Courtesy of The Financial Times, a look at Pemex and Petrobras:
Shares of Petrobras fell sharply on Monday after the Brazilian state company reported a 12 per cent year-on-year decline in third-quarter net profit to $2.7bn.
The next day Pemex, the Mexican state oil company, reported a $1.9bn quarterly net profit. But progress was huge: a year earlier, Pemex reported a $6.2bn net loss.
Pemex was boosted during the quarter by a 4.3 per cent increase in revenue to $31.8bn, as well as by gains in financial operations. While production of crude and natural gas was about flat, refinery and gas-processing units showed modest increases in output.
By contrast, Petrobras’s third-quarter results were dragged down by weakness in refining, a 65 per cent increase in exploration costs and a 2.3 per cent year-on-year decline in production of crude and natural gas.
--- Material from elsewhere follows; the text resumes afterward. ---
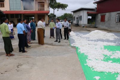 သမဝါယမနှင့် ကျေးလက်ဖွံ့ဖြိုးရေးဝန်ကြီးဌာန၊ ဒုတိယဝန်ကြီး ဦးမြင့်စိုးသည် ယနေ့နံနက် ပိုင်းက တာဝန်ရှိသူများလိုက်ပါလျက် မန္တလေးတိုင်းဒေသကြီး၊ ရမည်းသင်းမြို့နယ်၊ ကတင်ကျေးရွာ အုပ်စု၊ ကတင်ကျေးရွာရှိ လင်းလင်း စိုက်ပျိုးရေးနှင့် အထွေထွေစီးပွားရေးသမဝါယမအသင်းမှ အသင်းသားတောင်သူ(၈၃)ဦး၏ ဝါစိုက်ဧက (၂၁၀) တွင် စိုက်ပျိုးထားသော B-31 မိုးကြိုဝါများ ခူးဆွတ်ရိတ်သိမ်းနေမှုအခြေအနေကို သွားရောက်ကြည့်ရှုစစ်ဆေးပြီး အသင်းသားတောင်သူများနှင့် တွေ့ဆုံကာ Grade A Grade B အဆင့်မီဝါများ ရရှိနိုင်မှုအခြေအနေနှင့် တစ်ဧကအထွက်နှုန်း၊ ဈေးကွက်ချိတ်ဆက်ရောင်းချနိုင်မှု အခြေအနေတို့ကို မေးမြန်းပြီး ကျေးလက်ဒေသဖွံ့ဖြိုးတိုးတက် ရေးဦးစီးဌာနက ရေရရှိရေးအတွက် တွင်းတိမ်တူးဖော်ပေးထားသော စိုက်ဧကများတွင် မိုးစပါးကို ပန်းတိုင်အထွက်နှုန်းရရှိအောင် စိုက်ပျိုးကြရေး မှာကြားသည်။

Yet the improvement in Pemex made no impact, however, on the price of its shares, because it doesn’t have any. Pemex is much more like a government department than a business, state-owned or otherwise.
But Enrique Peña Nieto, who is due to be inaugurated as Mexico’s president on December 1, has indicated that he wants Pemex to adopt something like the Petrobras model, where the state company competes in its home and foreign markets with others from the rest of the world.
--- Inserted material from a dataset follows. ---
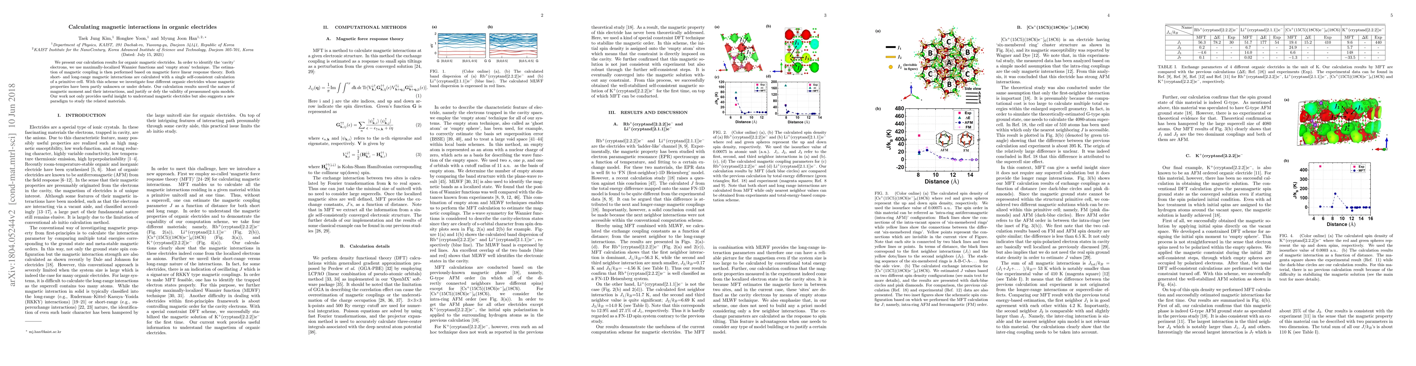 We present our calculation results for organic magnetic electrides. In order to identify the `cavity' electrons, we use maximally-localized Wannier functions and `empty atom' technique. The estimation of magnetic coupling is then performed based on magnetic force linear response theory. Both short- and long-range magnetic interactions are calculated with a single self-consistent calculation of a primitive cell. With this scheme we investigate four different organic electrides whose magnetic properties have been partly unknown or under debate. Our calculation results unveil the nature of magnetic moment and their interactions, and justify or defy the validity of preassumed spin models. Our work not only provides useful insight to understand magnetic electrides but also suggests a new paradigm to study the related materials.

Pemex enjoys a state monopoly in Mexico, which absorbs all of its capital spending. So no overseas ventures for the Mexican company and no competitors on the home front.
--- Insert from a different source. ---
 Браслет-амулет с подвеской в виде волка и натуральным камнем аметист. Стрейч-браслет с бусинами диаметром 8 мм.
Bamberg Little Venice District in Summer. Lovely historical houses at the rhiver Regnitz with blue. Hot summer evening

How exactly Peña Nieto plans to change Pemex is far from clear. In broad terms, though, he has spoken not of a straightforward privatization but rather of a Mexican market in which Pemex competes with the private sector as well as state companies from other countries.
That may sound straightforward. But, though many Mexicans support Peña Nieto’s view, others believe that all oil and gas must remain state property, as the Constitution currently demands.
The 1938 oil nationalization has many vehement supporters. And the recent improvement in Pemex’s performance — above all two major deep-water discoveries that confounded many critics — has convinced them that there is little need for change.
Peña Nieto and his team are going to burn plenty of oil — of the midnight variety — before they find the right formula.